▸ **Task brief**:
Skip any pictures. Repeat the data exactly, from its first line through the line that holds "APUAF will do", both included.

▸ **Data excerpt**:
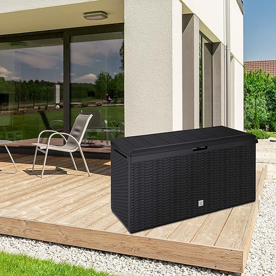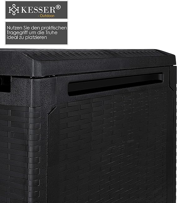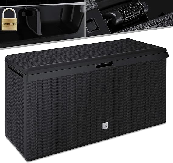 - 𝐋𝐀 𝐂𝐀𝐉𝐀 𝐃𝐄 𝐂𝐎𝐉𝐈𝐍𝐄𝐒: resistente a la intemperie y a los rayos UV está hecha de plástico resistente con aspecto de ratán.
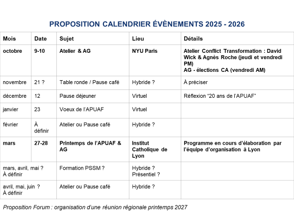APUAF will do its best to maintain all dates without modification or cancellation but may need to shift topics and content of different events depending on the availability of those organizing and animating the events. We will announce precise times, themes, topics or agenda once they are confirmed for each event. Sign-up will be announced through the Google Group.
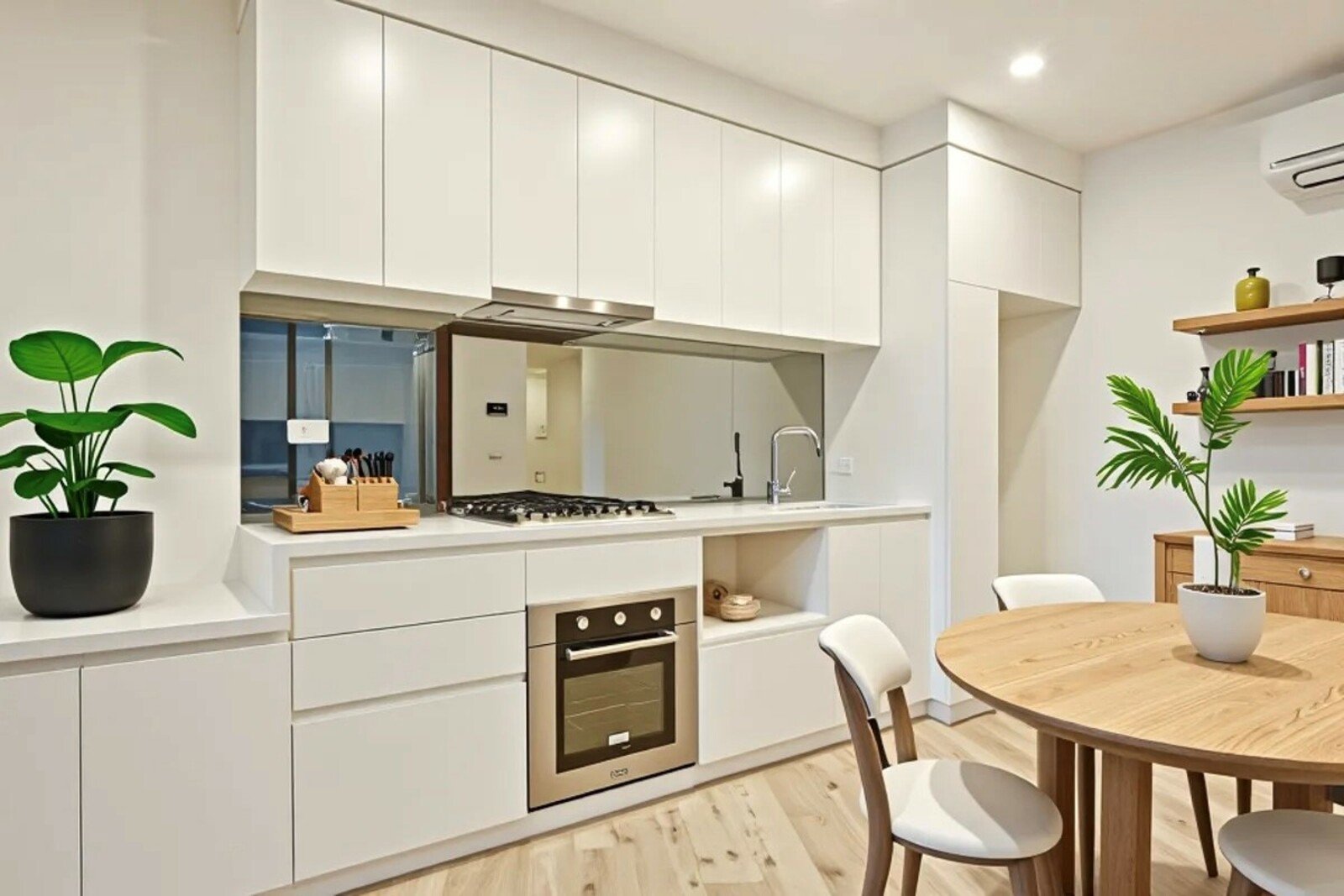 Modernised features include split system heating and cooling in the living space and bedroom, modern bathroom, Blanco kitchen appliances such as dishdrawer, oven and stovetop, polished timber flooring throughout the living area, brand new carpet to the bedroom with mirrored built in robes and generous views of St Kilda Rd.

▸ **Finished exercise**:
 - 𝐋𝐀 𝐂𝐀𝐉𝐀 𝐃𝐄 𝐂𝐎𝐉𝐈𝐍𝐄𝐒: resistente a la intemperie y a los rayos UV está hecha de plástico resistente con aspecto de ratán.
APUAF will do its best to maintain all dates without modification or cancellation but may need to shift topics and content of different events depending on the availability of those organizing and animating the events. We will announce precise times, themes, topics or agenda once they are confirmed for each event. Sign-up will be announced through the Google Group.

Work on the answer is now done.